El recorrido del cristiano no es un recorrido «obligado», tal como pretenderían las propagandas y las modas y los más rancios tradicionalismos, sino «sorprendente».

El discípulo, que vive en el régimen de la gracia, está llamado a escoger (es la situación que se nos describe en la primera lectura), a tomar decisiones, en una actitud de verdadera libertad y con un marcado sentido de responsabilidad personal, que no puede delegar en ningún otro.

Pero la opción no tiene como referencia un montón de prescripciones formuladas una vez por todas, una serie de normas fijadas ya de antemano, un guión establecido, sino la atención a la voz del Espíritu que, además de ofrecernos una orientación de fondo, se convierte en cada ocasión en «inspiradora» de comportamientos inesperados, audaces, generosos, que nadie da por descontados.

Y el terreno en que se mueve no es el terreno árido de un código, sino el blando y fértil de la vida.

Finalmente, será conveniente no olvidar que la mirada del creyente oscila continuamente entre dos polos que siempre aparecen unidos: las exigencias «imposibles» pero necesarias de Dios y su infinita indulgencia.

Cristo, porque nos ama, porque quiere nuestra felicidad, nos pide mucho, nos pide la totalidad.
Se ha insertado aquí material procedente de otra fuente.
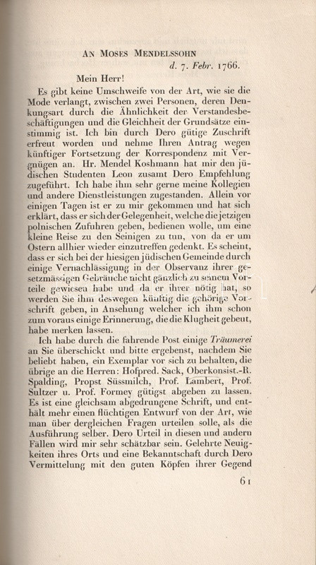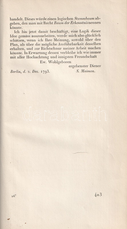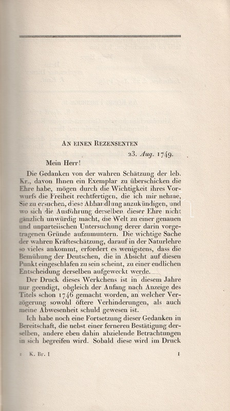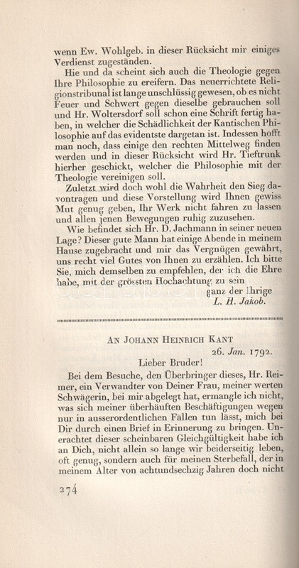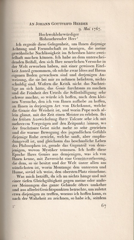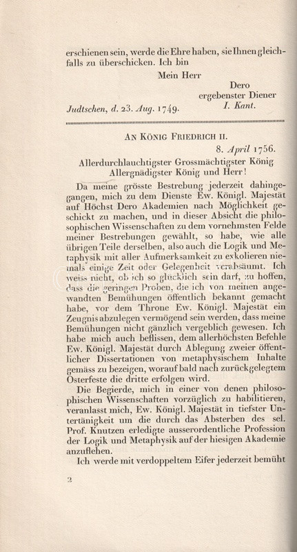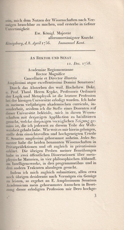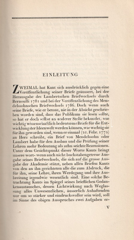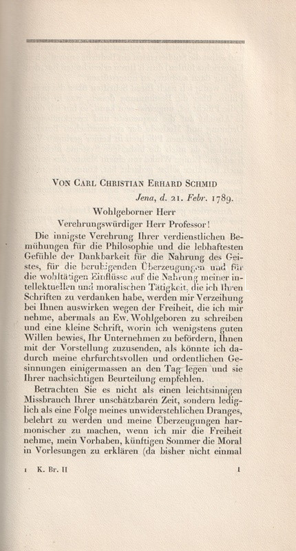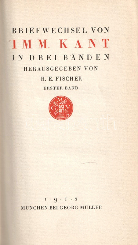 Bibliofil köteteink a königsbergi filozófus, Immanuel Kant (1724-1804) levelezését adják közre. A három kötetben teljes munka első két kötete az 1749 és 1793 között született leveleket tartalmazza, Köteteinkből éles fény vetődik a filozófus kapcsolatrendszerére: uralkodókkal éppúgy kapcsolatban állt, mint egyetemekkel, neves kortársakkal. Gyűjteményünkben így találunk II. Frigyes királynak, Johann Gottlieb Fichte, Johann Gottfried Herder, Moses Mendelssohn filozófusoknak, Christoph Martin Wieland költőnek írt leveleket is. Bibliofil köteteinket H. E. Fischer szerkesztette, a tipográfia Paul Renner könyvművész munkája. A kiadásból 100 számozott példány is készült, példányunk számozatlan.

Pero, al mismo tiempo, no ignora nuestras debilidades y nuestras miserias.

Pretende una respuesta seria, un compromiso absoluto. Y espera al mismo tiempo el arrepentimiento y el reconocimiento humilde de nuestras insuficiencias.

Dios, «a los que lo aman» —como recuerda Pablo en la segunda lectura— les ha revelado cosas nunca vistas ni oídas. Ha depositado como un secreto, y también como un germen, estas cosas inauditas e impensables en el corazón de los creyentes. Y este germen produce una sabiduría «divina, misteriosa, escondida», que no es de este mundo ni de los que dominan este mundo, sino que la comunica únicamente el Espíritu a través de la escuela y la fuerza del Crucificado.

Se trata de todos modos de que cada uno de nosotros nos dejemos provocar, sacudir continuamente, por aquel insistente «pero yo os digo», que nos empuja al terreno de la novedad más desconcertante.